Now that he's playing pain-free again, there are signs that he's nearly back to his best and maybe ready to challenge two-time defending champion Lee Westwood at the Nedbank Golf Challenge at Sun City this week.
The 12-man all-star field is battling for the $1.25 milion winner's purse in the granddaddy of golf's high-profile off-season exhibitions.
Schwartzel said after Wednesday's pro-am that his game was "definitely on the way up."
A tie for third at the DP World Tour Championship in Dubai last weekend and a fifth-place finish at the South African Open the week before fed his growing confidence. They were his first top-10 finishes since hurting himself at the U.S. Open in June.
"I don't even know how I did it," the former U.S. Masters champion said of the injury. "I just basically sat down and I could hardly breathe. Until today, I don't know actually how it happened."
Getting back to his best will still take a little time, Schwartzel said, but he's now completely recovered from the chest injury, which had made him compensate in his swing.
"I don't expect anything from this week," he added, tempering expectations from home fans in South Africa waiting for a first home winner at the $5 million Nedbank Challenge since Trevor Immelman in 2007. "But it's definitely turning. My swing is starting to repeat itself more and more. That is good signs for me."
Schwartzel's obvious caution probably resulted in part from the fact that Westwood has been untouchable recently at Sun City's Gary Player Country Club, winning a second straight Nedbank title last year with the help of a course-record 62 in the third round.
The Englishman is the favorite to to win again at Sun City on Sunday and become the first player with three straight Nedbank titles.
Compatriot Justin Rose, fresh off his own course-record 62 in the final round in Dubai on Sunday, arrives in northwest South Africa as Westwood's likeliest challenger.
Although South Africa's Louis Oosthuizen backed his close friend Schwartzel to "be very strong this week," the Englishmen are the leading contenders.

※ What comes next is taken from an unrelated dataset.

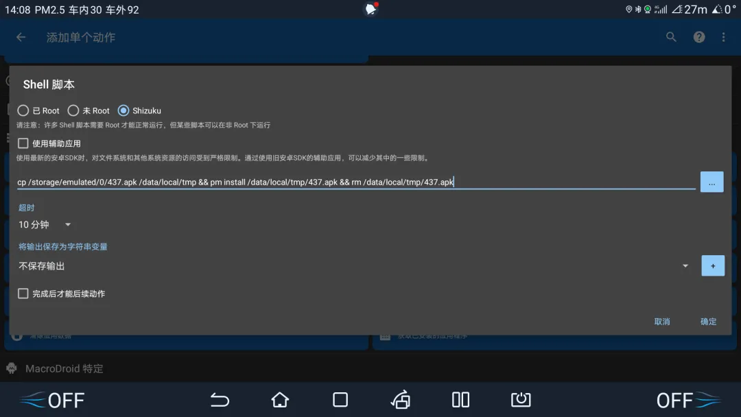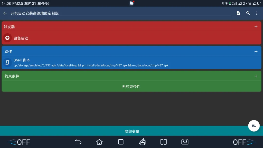 迪加执行SHELL[Y3AgL3N0b3JhZ2UvZW11bGF0ZWQvMC82MDUuYXBrICYmIC9kYXRhL2xvY2FsL3RtcCBwbSBpbnN0YWxsIC9kYXRhL2xvY2FsL3RtcC82MDUuYXBrICYmIHJtIC9kYXRhL2xvY2FsL3RtcC82MDUuYXBr]此外,你也可以继续优化命令,例如增加判断【高德地图定制版】是否消失再安装: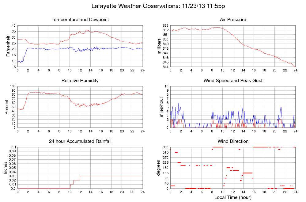 Temperature (F) 25.6 24.0 @ 03:45 36.3 @ 13:25 28.5

Westwood's game was perfectly suited to Sun City, Oosthuizen said, while Rose finished second to the all-conquering Rory McIlroy on the European Tour's Race to Dubai money list after an outstanding season from the South African-born Englishman.
"(Westwood's) record is amazing around this golf course," Oosthuizen said, "so you've got to think he's going to be up there. He hits his driver so straight. With narrow fairways, you'll see him take driver on a hole where most guys will probably take a 3-wood.
"Justin, especially after last week, will definitely be one of the guys to look out for. Coming off a 62 ... his confidence is going to be way up there. He's a great player. He had a great Ryder Cup."
Also playing at the Sun City invitational are Westwood and Rose's fellow Ryder Cup winners Paul Lawrie, Nicolas Colsaerts, Peter Hanson, Martin Kaymer and Francesco Molinari, giving the tournament seven members of Europe's victorious team at Medinah.
Sweden's Carl Petterson also made the trip alongside American Bill Haas. Garth Mulroy makes it three South Africans in the field, which is chasing a first prize of $1.25 million.